• Data provided:
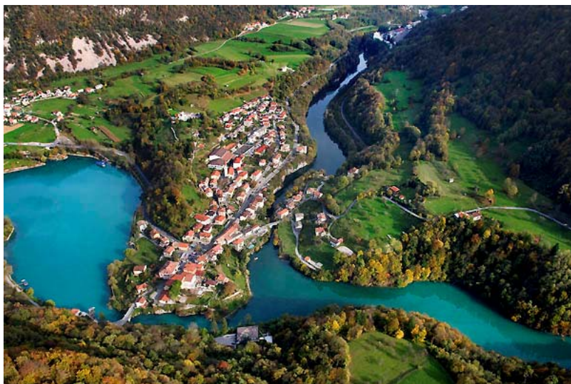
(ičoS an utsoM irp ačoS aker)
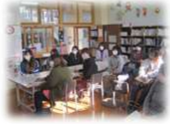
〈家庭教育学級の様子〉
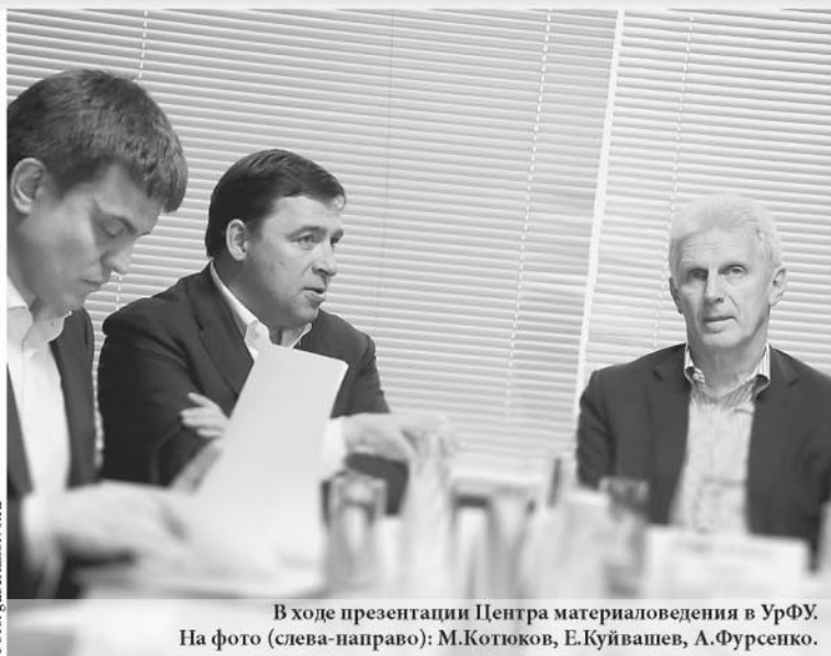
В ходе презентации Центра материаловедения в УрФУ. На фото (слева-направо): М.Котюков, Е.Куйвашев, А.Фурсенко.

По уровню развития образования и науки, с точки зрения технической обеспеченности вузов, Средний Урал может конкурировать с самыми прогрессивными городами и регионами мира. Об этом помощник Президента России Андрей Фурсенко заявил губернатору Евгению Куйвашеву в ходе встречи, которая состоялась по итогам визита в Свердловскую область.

• Action item:
Copying begins at the line that holds "В ходе презентации" and ends at the last line of the data above, with both included and each line kept exactly.

• Task output:
В ходе презентации Центра материаловедения в УрФУ. На фото (слева-направо): М.Котюков, Е.Куйвашев, А.Фурсенко.

По уровню развития образования и науки, с точки зрения технической обеспеченности вузов, Средний Урал может конкурировать с самыми прогрессивными городами и регионами мира. Об этом помощник Президента России Андрей Фурсенко заявил губернатору Евгению Куйвашеву в ходе встречи, которая состоялась по итогам визита в Свердловскую область.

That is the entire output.